**TASK INPUT**
= Beginning of Section =
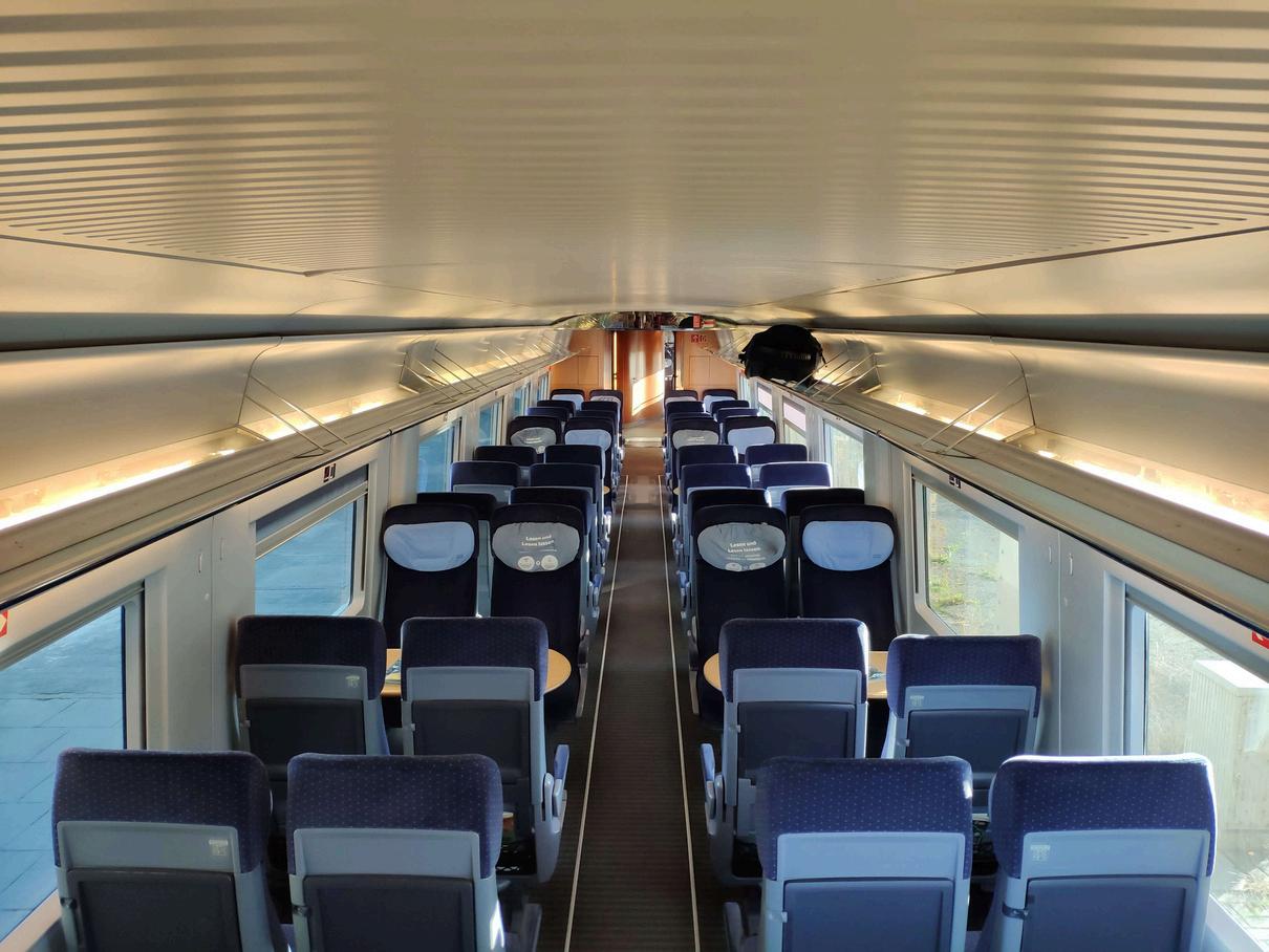 Sæderne er komfortable og der er god benplads. Hver vogn har bagagehylder, ligesom at der over sæderne eller ved fødderne er god plads til håndbagage.
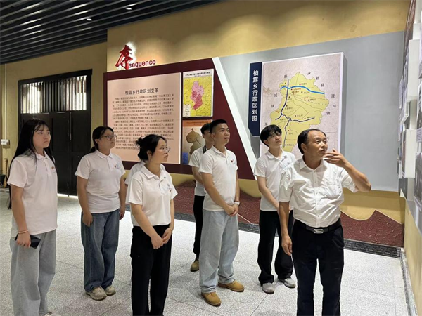 实践团队跟随江传亮书记的脚步了解柏露村红色教育区建设变化,队员们观看着路边一面又一面的红色故事、良好的风俗民情以及生态环境,感受柏露精神传承下的柏露乡村振兴丰收硕果。江传亮书记介绍柏露村以党建引领助推乡村振兴的具体实践,一“露”有你三项工程。一路上江书记谈起柏露村的发展,提到基层党建一定要下足“绣花”功夫。在推进乡村建设过程中,围绕中央彩票公益金项目、国家级红色名村、白石街区改造等重点项目,宣传引导上主动带头,积极动员,传承柏露文化精神,织好柏露新篇。
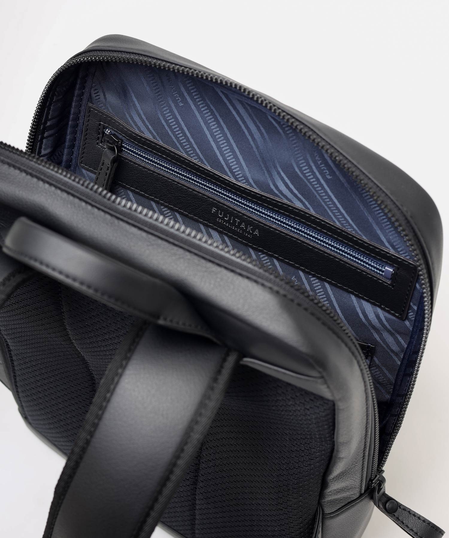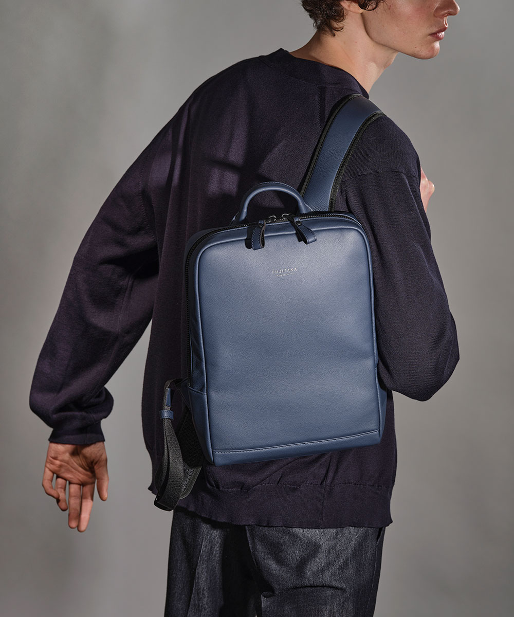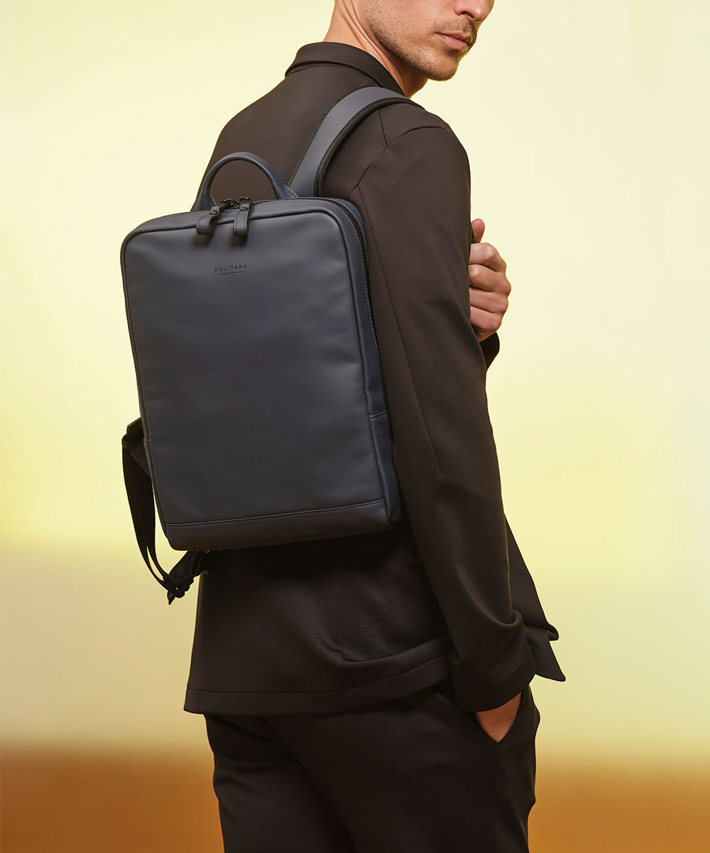 厳選されたヨーロッパ原皮に上品な肌目が美しいLWG ゴールドランク認定のイタリア高級スムースレザーを贅沢に使用したFUJITAKA LOCUSシリーズのA4レザーリュック。背面は色落ちや使用感を考慮したポリエステル素材を採用しています。
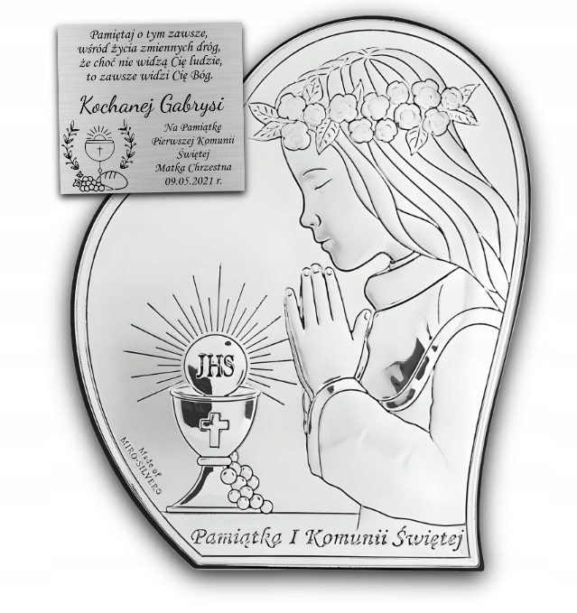 Pamiątka Komunii Świętej Obrazek Srebrny Dla Dziecka GRAWER GRATIS Prezent
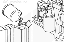 識別正確的濾清器。對于汽車用發動機,使用《Signature™ 和 ISX 操作和維護保養手冊》(公告號 3666251)。 參考第 V 節中的步驟 018-004。
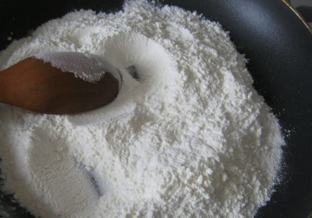 - Zeef de bloem en verwarm deze in een pan gedurende maximaal 1 minuut.
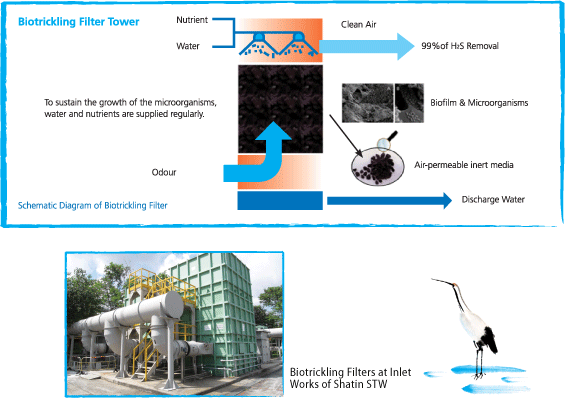 The first biotrickling filter deodorising system was installed at the Inlet Works of Shatin STW in July 2008. It is able to handle foul airflow up to 25,000 m3/hr with H2S level at 20 ppm.
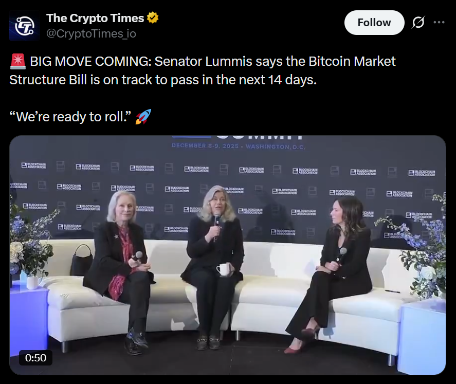 - Senator Lummis plans a December markup for the long-delayed crypto market structure bill.
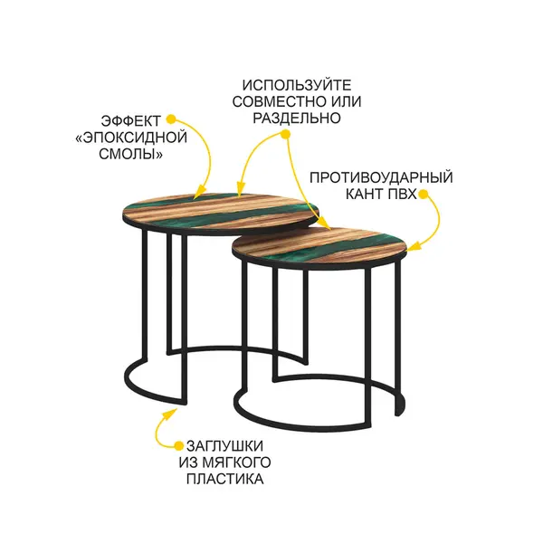 • Оригинальный комплект из двух журнальных столиков можно комбинировать по-разному, создавая интересные интерьерные решения. Столики 50 см и 60 см идеально дополняют друг друга, при этом каждый может использоваться самостоятельно. Это отличный вариант для применения в качестве кофейного и журнального столиков, прикроватной тумбы или изящного предмета декора. За одну цену Вы получаете два стола.
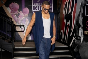 赛前,国王官方晒出了球员的入场照,威少穿着类似于汗衫的服装入场。
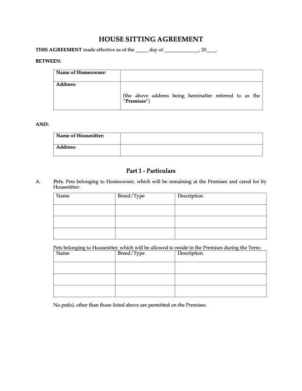 - providing for the house sitter's needs (childcare, storage space, etc.);
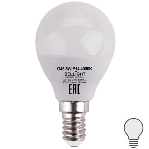 Лампа светодиодная Bellight Е14 шар 5 Вт 430 Лм нейтральный белый свет
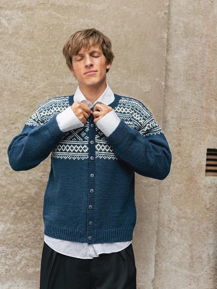 The Setesdal Men’s Cardigan without dots is knitted in Peer Gynt from the top down, featuring a traditional pattern and a classic men’s fit.
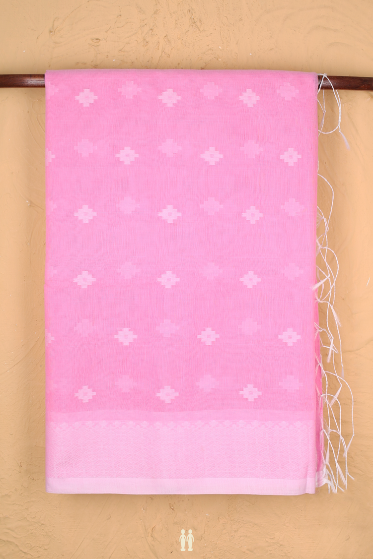 Bengal Cotton Saree In Pink With Threadwork Buttas
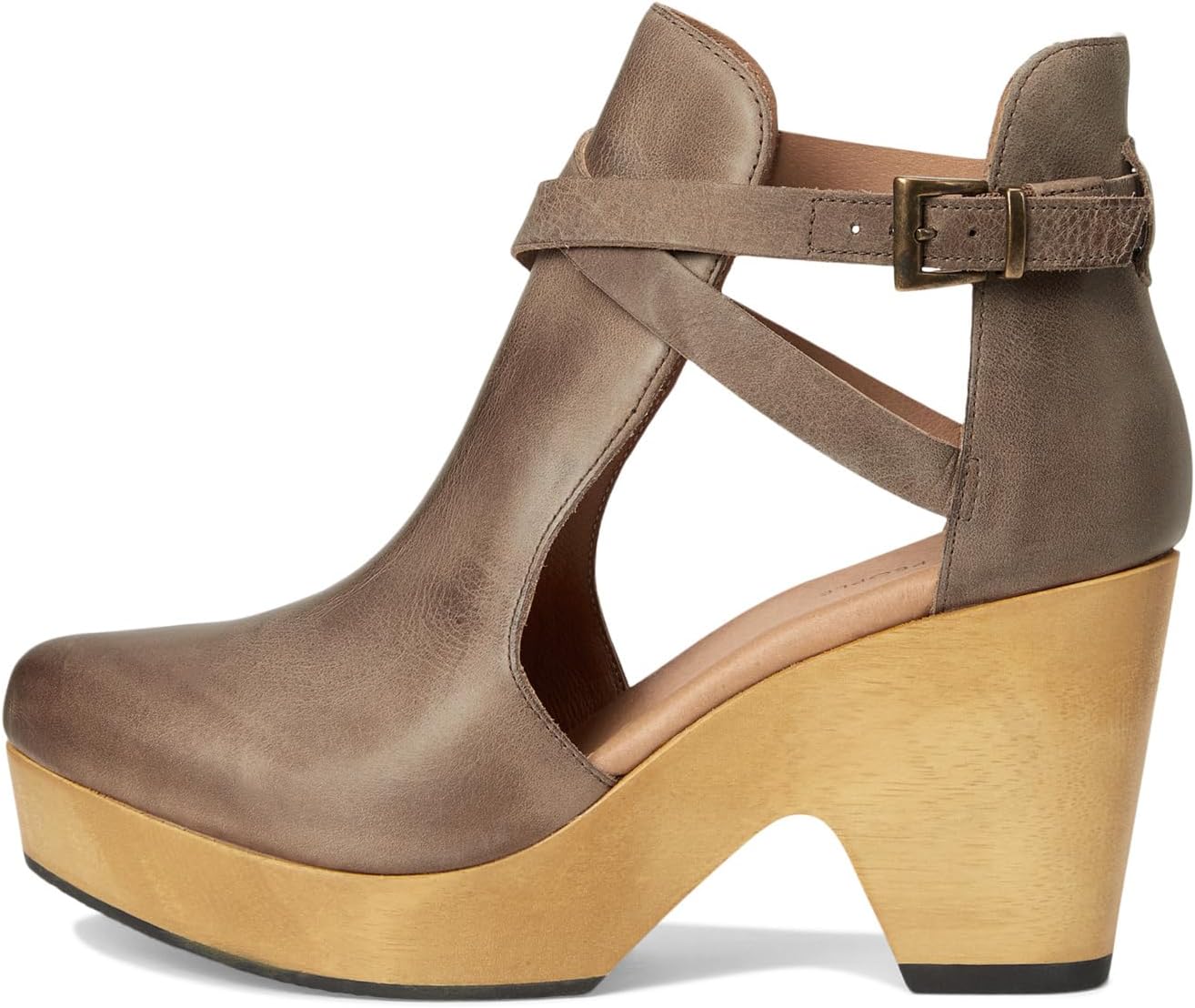 Embrace your boho spirit in these luxe leather clogs, featuring a genuine cedar wood platform sole with an ankle cutout and strappy accents. **Features:** Slip-on style, ankle length, round toe, leather uppers, ankle cutouts, criss-cross straps with adjustable buckle closure, platform cedar wood sole, block heel **Why We <3 It:** Pair with high-rise flares for a groovy look.
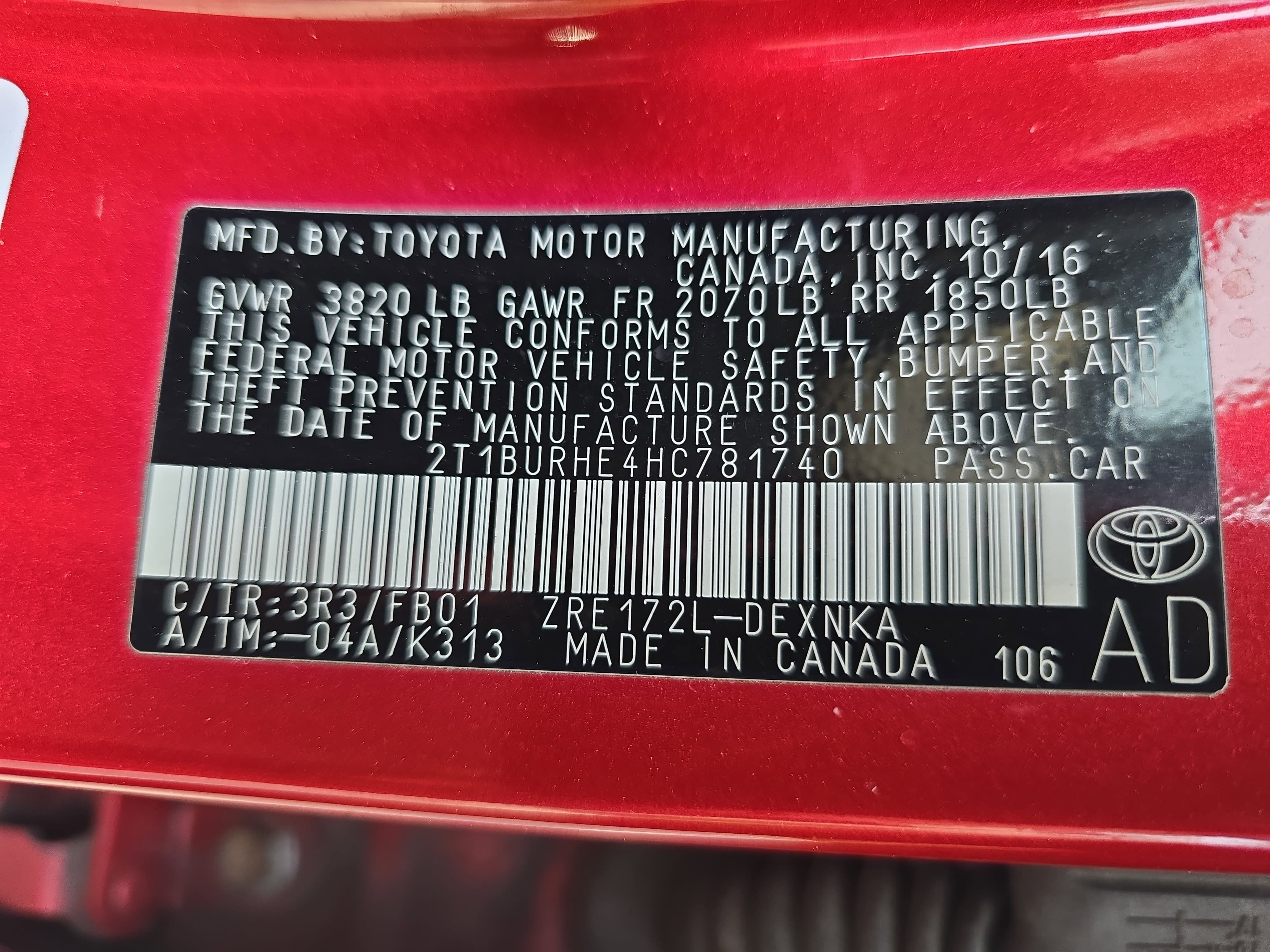 - Vehicle Name: Toyota Corolla
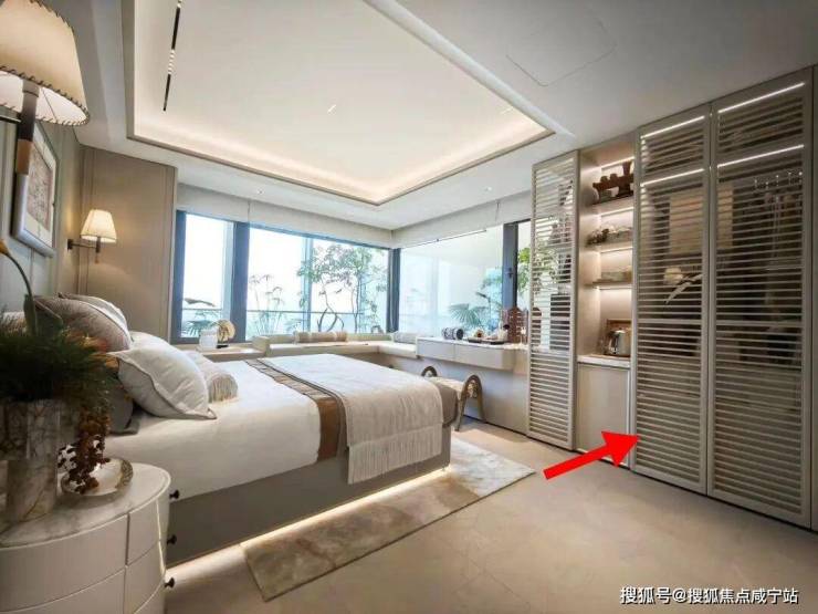 在此基础上,本案在建面约120㎡户型的主卧内,先利用飘窗做了270°采光,最大程度获得更好的视野、通风;其次是利用飘窗做了一整面的收纳柜子,收纳空间被大大释放!
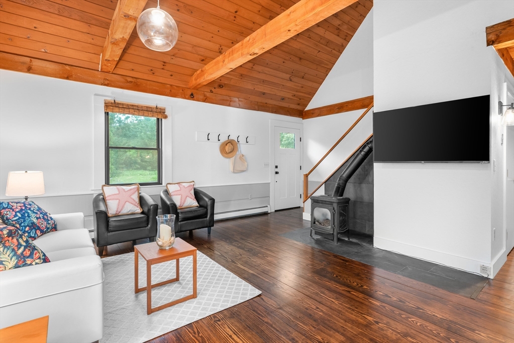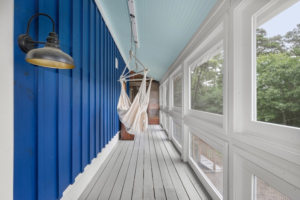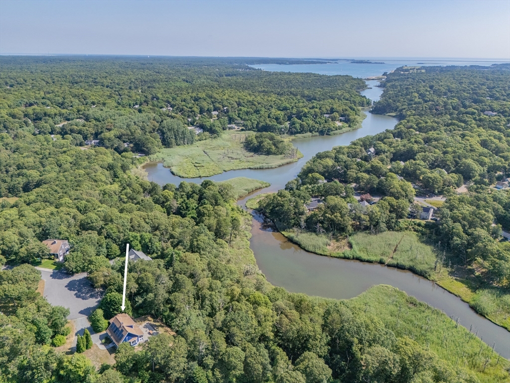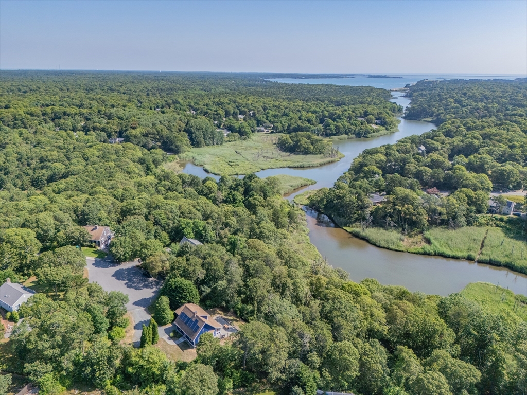 Nature-lovers! A beautifully renovated post 'n beam home perched above the Monomoy River with peeks of the water from the main bedroom, screened porch, and huge patio! Completely updated in '23/'24 with new exterior sheathing, siding, windows, doors, and refinished wood floors. The kitchen boasts new cabinetry, counters, and SS appliances. The bathrooms feature new tile floors, vanities, toilets, and a walk-in shower in the en-suite bath. Soaring, beamed ceiling in the great room creates an airy yet cozy ambiance with a gas stove. Plus, a finished bonus room in the walk-out basement! Recent connection to Harwich sewer, ductless AC/heat units, Rinnai water heater, and solar panels are among the eco-friendly upgrades. Conservation lands and Goose Pond are nearby for hiking, fishing, swimming, and paddling! A one-of-a-kind opportunity tucked at the end of a cul-de-sac, yet centrally located. Street is in Harwich. House is in Chatham. Video coming soon. Buyers/agents to confirm details.
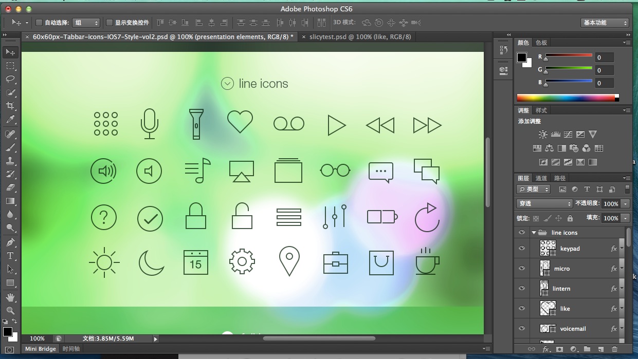 step2:重命名图层。以like图层为例,它所对应的图标是第1行第4列的桃心。如果我们想要保存为.png格式,并且加上@2x后缀,则直接双击图层名字,改为like@2x.png。其他图层都要修改名字,名字不必一致。结束后保存psd
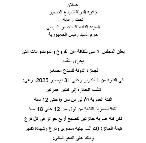 تُقام الجائزة تحت إشراف وزارة الثقافة والمجلس الأعلى للثقافة، على مستوى الجمهورية، للفئة العمرية من 5 حتى 18 عامًا، بما يسهم في تنمية الوعي الثقافي والإبداعي لدى الأطفال والشباب، ودعم مسارات الابتكار وبناء الإنسان.
= End of Section =
Once the line with "The Setesdal Men’s" is found above, print it and every line after it through the line with "在此基础上,本案在建面约12", exactly. Pictures stay out.

 The Setesdal Men’s Cardigan without dots is knitted in Peer Gynt from the top down, featuring a traditional pattern and a classic men’s fit.
 Bengal Cotton Saree In Pink With Threadwork Buttas
 Embrace your boho spirit in these luxe leather clogs, featuring a genuine cedar wood platform sole with an ankle cutout and strappy accents. **Features:** Slip-on style, ankle length, round toe, leather uppers, ankle cutouts, criss-cross straps with adjustable buckle closure, platform cedar wood sole, block heel **Why We <3 It:** Pair with high-rise flares for a groovy look.
 - Vehicle Name: Toyota Corolla
 在此基础上,本案在建面约120㎡户型的主卧内,先利用飘窗做了270°采光,最大程度获得更好的视野、通风;其次是利用飘窗做了一整面的收纳柜子,收纳空间被大大释放!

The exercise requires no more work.